======== Information given

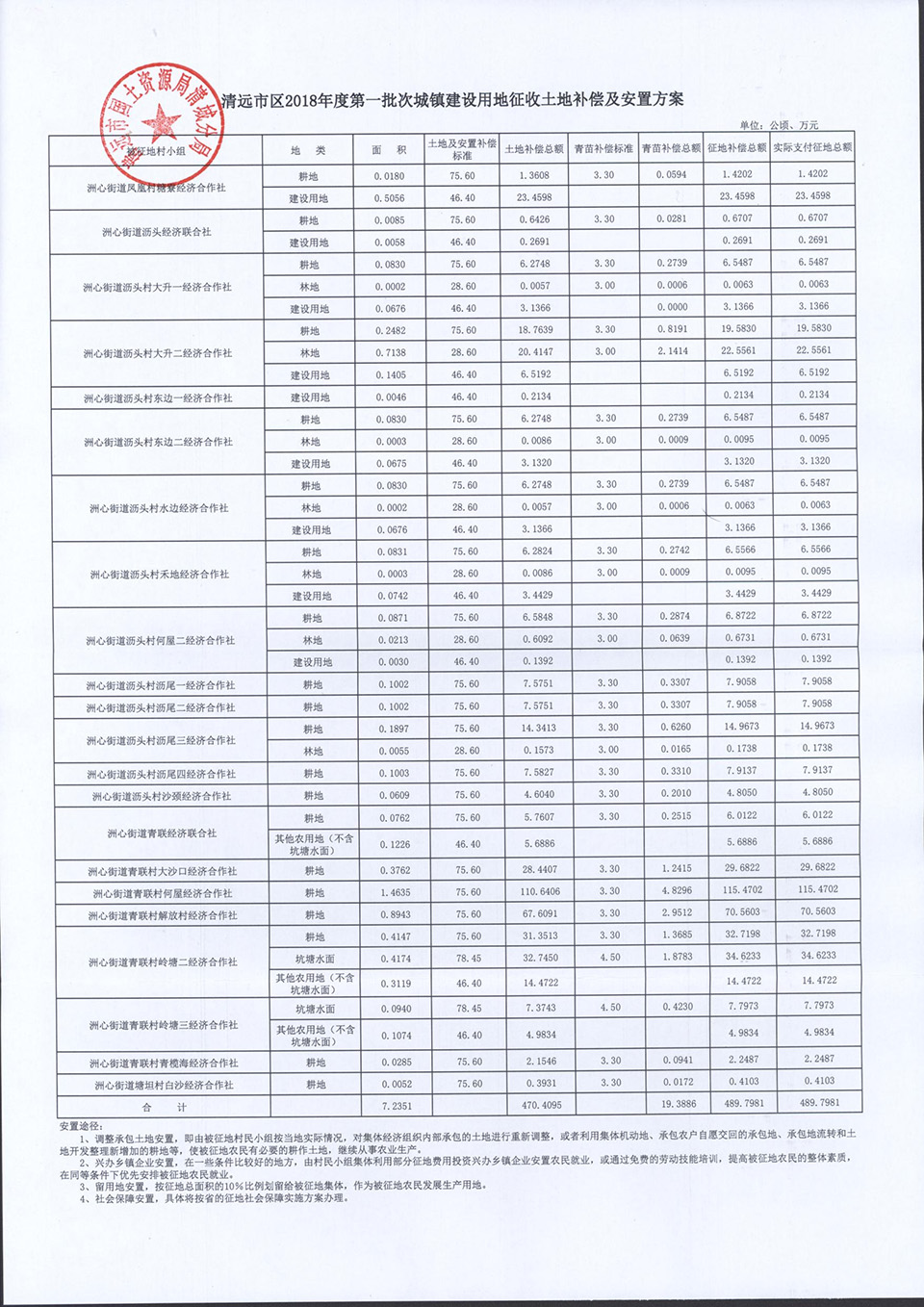 清遠(yuǎn)市區(qū)2018年度第一批次城鎮(zhèn)建設(shè)用地征地補(bǔ)償安置方案
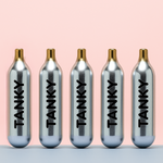 Standard 16g threaded food-grade CO₂ cartridges.
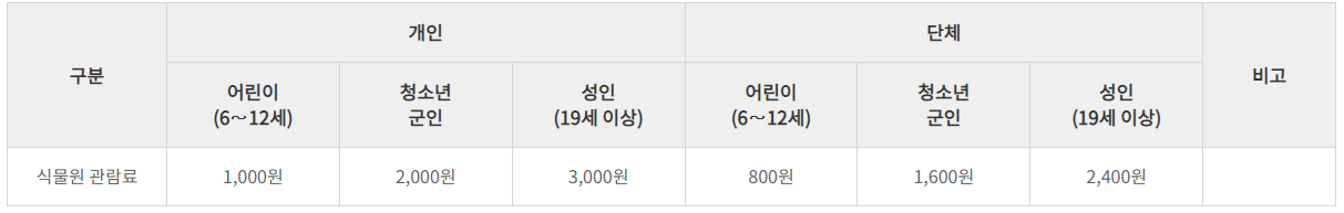 식물원 관람 및 이용료
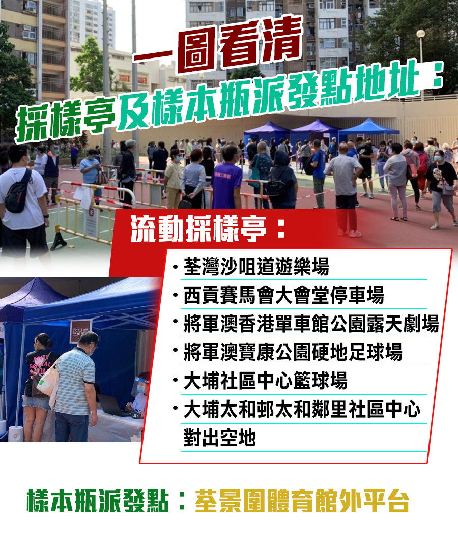 各採樣亭及樣本瓶派發點最早9時開始服務,將運作至星期五至日。
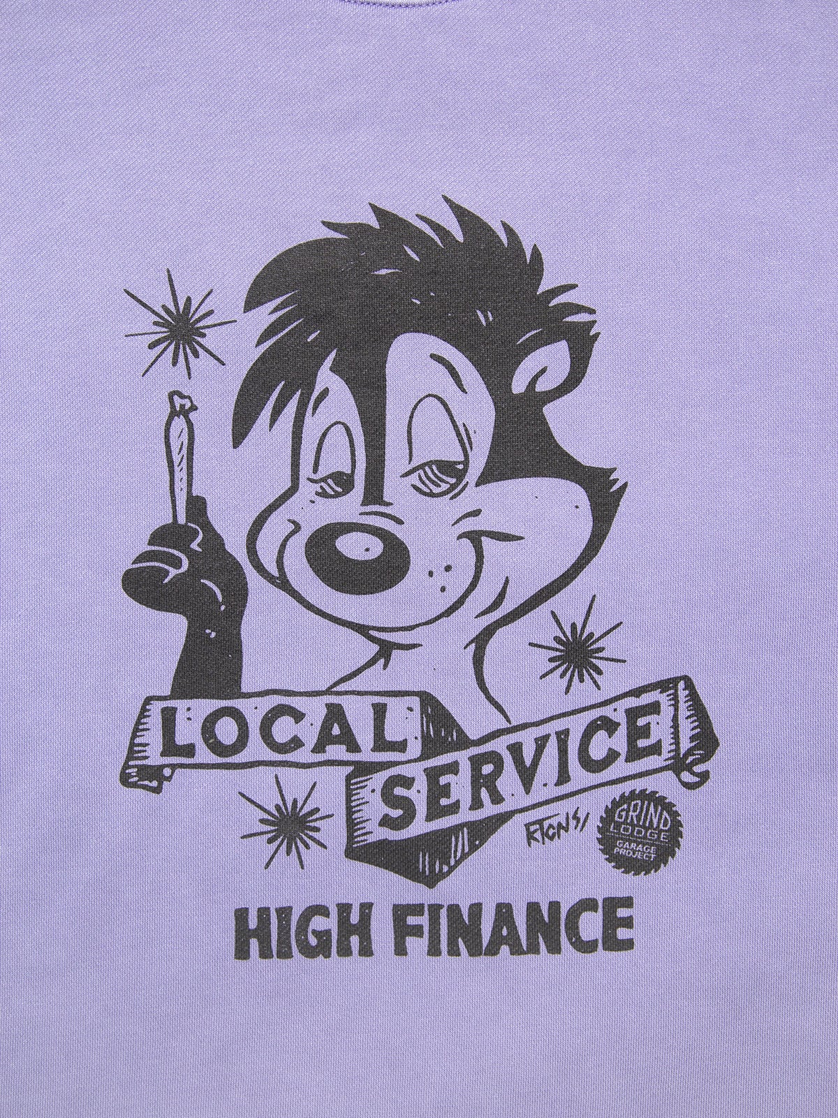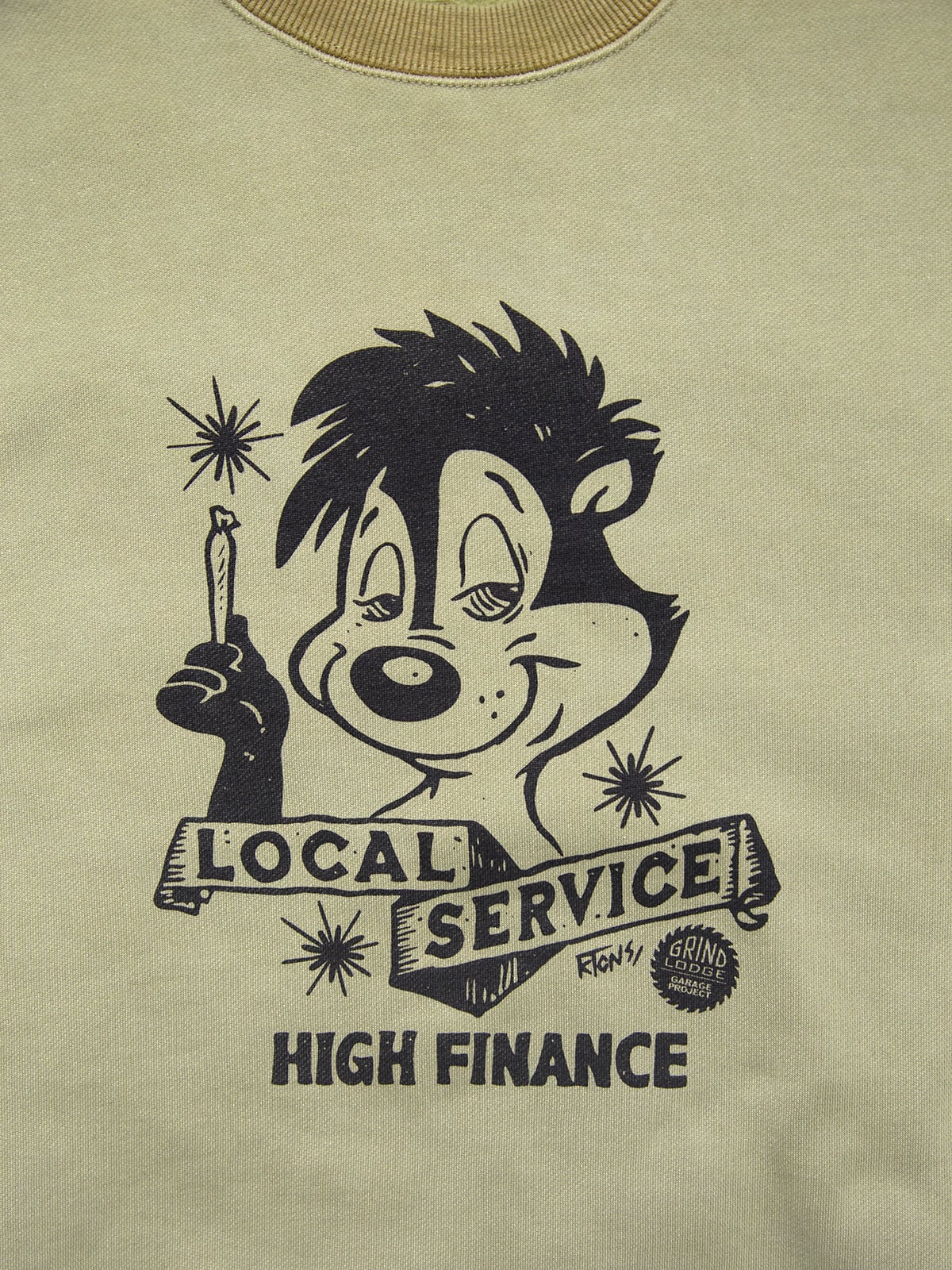 デザイナー"KTCN"制作のグラフィックを、染み込みプリントでフロントに大きく配置。特徴のあるタッチのスカンクのキャラクターとメッセージが実にKTCNらしい、ユニークな世界観を表現。ボディはコットン100%の裏毛生地にピグメントダイ加工を施し、時間が経つほどに風合いが増すエイジングも楽しめる仕様。左袖にはGRINDLODGE × HAIGHTのコラボロゴ刺繍入り。
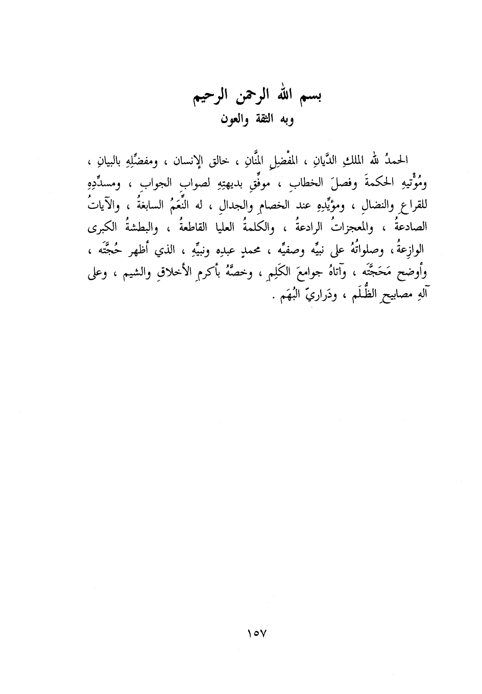 وبه الثقة والعون الحمد لله الملك الدّيان، المفضل المنّان، خالق الإنسان، ومفضّله بالبيان، ومؤتيه الحكمة وفصل الخطاب، موفّق بديهته لصواب الجواب، ومسدّده للقراع والنضال، ومؤيّده عند الخصام والجدال، له النّعم السابغة، والآيات الصادعة، والمعجزات الرادعة، والكلمة العليا القاطعة، والبطشة الكبرى الوازعة، وصلواته على نبيّه وصفيّه، محمد عبده ونبيّه، الذي أظهر حجّته، وأوضح محجّته، وآتاه جوامع الكلم، وخصّه بأكرم الأخلاق والشيم، وعلى آله مصابيح الظّلم، ودراريّ البهم.
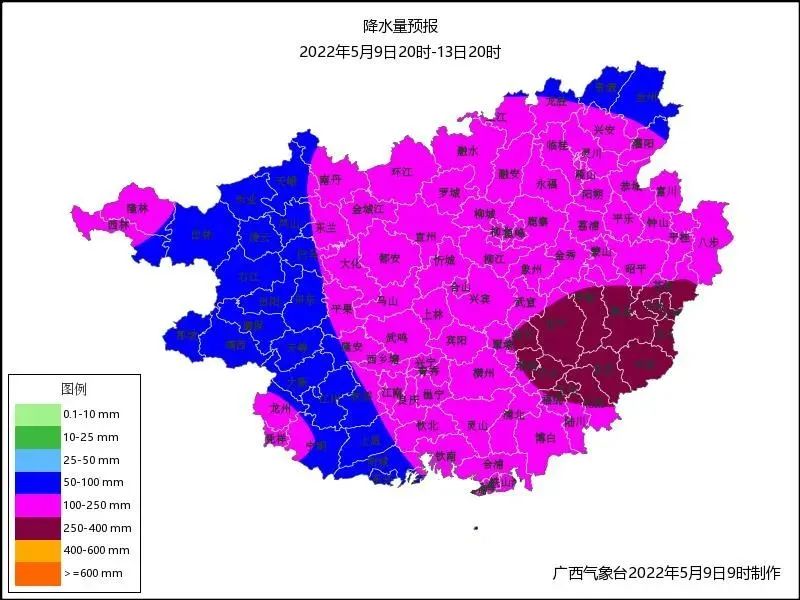 5、9日起,广西遭遇今年入汛以来范围最大、强度最强的暴雨过程,局地降雨有可能突破历史同期极值,致灾风险高。广西启动洪涝灾害Ⅳ级应急响应。

================

Go through the lines above and write each one out verbatim, skipping the pictures.

:: Exercise output ::
 清遠(yuǎn)市區(qū)2018年度第一批次城鎮(zhèn)建設(shè)用地征地補(bǔ)償安置方案
 Standard 16g threaded food-grade CO₂ cartridges.
 식물원 관람 및 이용료
 各採樣亭及樣本瓶派發點最早9時開始服務,將運作至星期五至日。
 デザイナー"KTCN"制作のグラフィックを、染み込みプリントでフロントに大きく配置。特徴のあるタッチのスカンクのキャラクターとメッセージが実にKTCNらしい、ユニークな世界観を表現。ボディはコットン100%の裏毛生地にピグメントダイ加工を施し、時間が経つほどに風合いが増すエイジングも楽しめる仕様。左袖にはGRINDLODGE × HAIGHTのコラボロゴ刺繍入り。
 وبه الثقة والعون الحمد لله الملك الدّيان، المفضل المنّان، خالق الإنسان، ومفضّله بالبيان، ومؤتيه الحكمة وفصل الخطاب، موفّق بديهته لصواب الجواب، ومسدّده للقراع والنضال، ومؤيّده عند الخصام والجدال، له النّعم السابغة، والآيات الصادعة، والمعجزات الرادعة، والكلمة العليا القاطعة، والبطشة الكبرى الوازعة، وصلواته على نبيّه وصفيّه، محمد عبده ونبيّه، الذي أظهر حجّته، وأوضح محجّته، وآتاه جوامع الكلم، وخصّه بأكرم الأخلاق والشيم، وعلى آله مصابيح الظّلم، ودراريّ البهم.
 5、9日起,广西遭遇今年入汛以来范围最大、强度最强的暴雨过程,局地降雨有可能突破历史同期极值,致灾风险高。广西启动洪涝灾害Ⅳ级应急响应。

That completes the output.